Syria's main opposition coalition has held an unscheduled fourth day of meetings in Istanbul (Turkey) as internal disputes prevent it from deciding whether to join a U.S. and Russian-backed peace conference with Damascus.
Syrian National Coalition members on Sunday said the main dispute concerns whether to grant Saudi Arabia a bigger role in the group, by expanding its membership to include Saudi-backed opposition figures such as veteran dissident Michel Kilo. They said the Qatar-backed Muslim Brotherhood faction of the coalition is resisting such an expansion.
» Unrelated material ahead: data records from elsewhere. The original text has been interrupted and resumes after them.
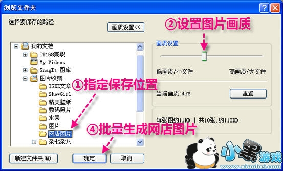 第四步:生成网店图片。单击“生成图片→画质设置”,指定保存路径,拖动滑块设置好画质,单击“确定”按钮(如图4),批量生成网店图片,完成一组图片处理。
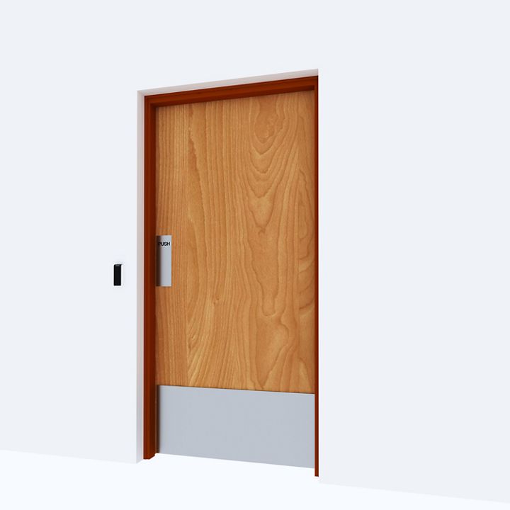 ASSA ABLOY Security Solution Middle East Fire Rated Single Leaf doorset for Doorset Automatic. Equipped with Swing door operator with Card reader, microwave switch, break Glass Unit, Pull handle, protection plate, Bolt switch contact
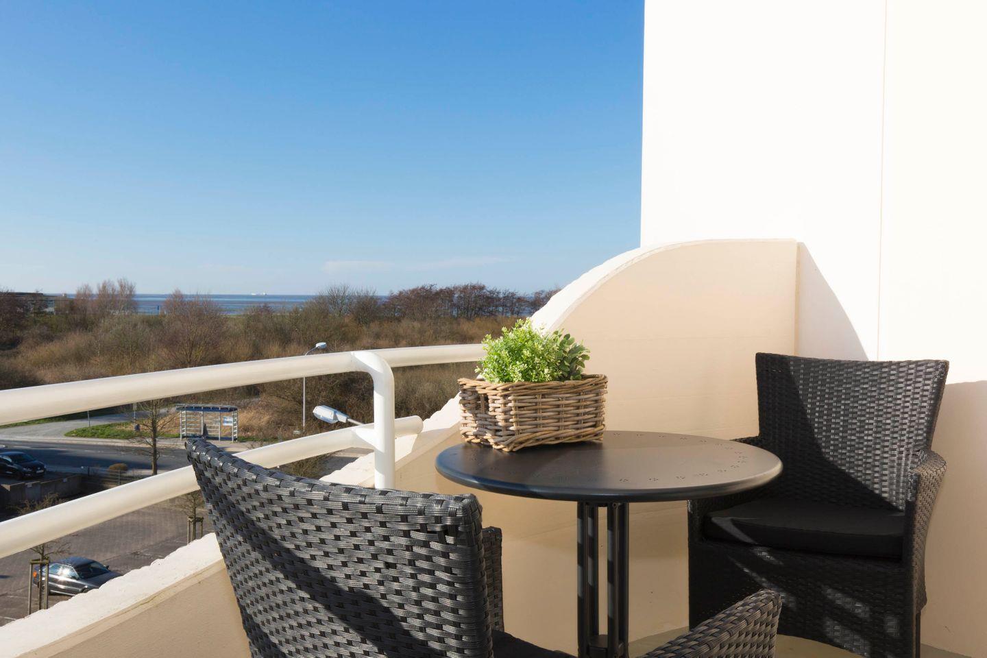 Auf dem Balkon finden Sie zwei schwarze, gemütliche Korbsesseln, 2 weitere weiße Stühlen und ein Tisch. Mit Blick auf das Wattenmeer ist der Balkon der perfekte Ort unter freiem Himmel, um den Nordsee Urlaub zu genießen.

Qatar has exerted a greater influence over the Syrian opposition coalition to date, by acting as a chief contributor of money and weapons to rebels fighting a two-year rebellion against Syrian President Bashar al-Assad.
Syrian opposition sources said that if the coalition can agree on an expanded membership, it also must decide the fate of its prime minister Ghassan Hitto, who has not been able to form a provisional government for Syria. They said resolving the leadership and membership issues would allow the coalition to respond formally to the U.S. and Russian plan for a Syrian peace conference in Geneva next month.
Syrian Foreign Minister Walid al-Moualem said Sunday his government has agreed "in principle" to attend the proposed conference, calling it "a good opportunity to resolve the Syrian crisis."
Washington and Moscow have said they want the Assad government and the opposition to negotiate the formation of a transitional government that would lead Syria out of its civil war, which has killed more than 80,000 people.
U.S. Secretary of State John Kerry and Russian Foreign Minister Sergei Lavrov are due to meet in Paris Monday to discuss how to move forward with the peace conference.
Syrian government forces have been fighting to recapture the strategic rebel town of Qusair in recent days in an apparent bid to strengthen Mr. Assad's position ahead of peace talks.
An amateur video posted to the Internet Sunday showed a purported Syrian government air strike on Qusair. The Britain-based Syrian Observatory for Human Rights said fighting in Qusair killed at least 27 rebels and three civilians on Saturday.
Syrian troops backed by Lebanese Hezbollah militants have unleashed heavy artillery and tank fire on the Sunni Muslim town near the Lebanese border. Qusair's capture would mark a significant victory for Mr. Assad because it is located along a highway linking Damascus to the Mediterranean coast, a stronghold of his minority Alawite sect.
Some information for this report was provided by AP, AFP and Reuters.